Imagining the future and building towards it has always been hard
work.  I'd plea for some leniency for all participants as we explore
ways forward, letting a thousand flowers bloom (there's always be more
than one).

"Letting a hundred flowers blossom and a hundred schools of thought
contend is the policy for promoting progress in the arts and the
sciences and a flourishing socialist culture in our land."  [not
Bernie Sanders]

Michael

********************
3213 Sutton Place NW
Washington, DC  20016


-----Original Message-----
From: "Jim O'Donnell" <[log in to unmask]>
Date: Mon, 25 Jan 2016 20:11:23 -0700


My thanks to the various contributions here.  Carey Newman was most
provocative, essentially telling me in the very nicest possible way to
get over it – stop wanting an e-book to please my book-wanting eye.

Others performed more as enablers for my hankering, and I’m still
inclined to accept their encouragement.

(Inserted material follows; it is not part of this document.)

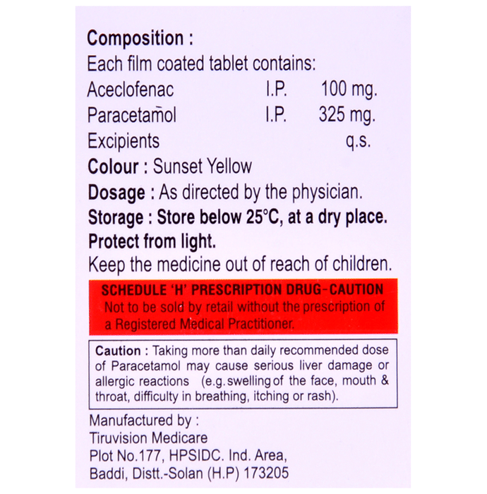 Aceclofenac (100mg) + Paracetamol (325mg):<packagingdetail>:Strip:
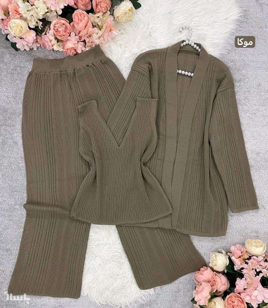ست بافت زنانه 3 تیکه(جکت+شلوار+تاپ)

I had forgotten, until one old
friend here reminded me, that it was another old friend, Mike Jensen
at National Academies Press, who first successfully implemented the
cripple-your-book strategy for making material available on-line and
sustaining print sales.  Revolutionary twenty years ago, an albatross,
I fear, now for many of us.

            BUT:  the Jensen strategy put the crippled books up on the
open web for worldwide free access.  My complaint a few nights ago was
about “e-books” that we “buy” at a price I could complain about and
that are only accessible to our university community inside the
paywall and come crippled.  That’s a distinction with a difference, I
think.  In the new technical language of librarianship that I’ve begun
to master, that’s nuts.

            AND:  I learned one incidental thing in reading this
thread and looking at the Open Syllabus thread started by the article
the other day in the New York Times.  Of their
books-most-frequently-taught (where, as somebody pointed out, they
follow in the footsteps of the BYTES project Ann O. led some years ago
and which produced, on a smaller data set, quite similar conclusions),
33 of the top 50 are readily available in open access, howbeit often
in translations that now ring a little quaintly to our ears.  The
aging of translations gives print publishers the opportunity to keep
lots of versions of Augustine and Plato and Marx in print, selling
briskly in exactly the place – the curriculum – where open access
might be thought most welcome.

            ONE COMMENT:  To my admittedly biased eye, the structure
by which our vendors make content available for discovery, then charge
us when we begin to use it (so many clicks into the content and the
library has bought it, though the user does not know they have
triggered a purchase) is potentially useful, but right now, the number
of clicks is too small and the price is too high.  I still wonder if
publishers actually see what a hash the e-book vendors make of their
products.

            SO:  what is to be done?  I’ll go back to Toby Green’s
admirable post and ask him to say what it will take and when it might
come about for there to be the premium e-book editions of which he
speaks.  I still seek (and tens of thousands of ASU students need)
books that are fully functional when accessed on-line.  Charts,
diagrams, illustrations, footnotes, indices, hot-linked references and
cross-references, ease of use – in short, digital objects with the
ability to meet the demands of those who could be reading the same
book in print and of those who want to take advantage of the new media
to get new functionality:  when and how can we get these?  We can
argue about price later, but that artifact does not now exist.

            The e-book hasn’t been invented yet.  Who will do it and when?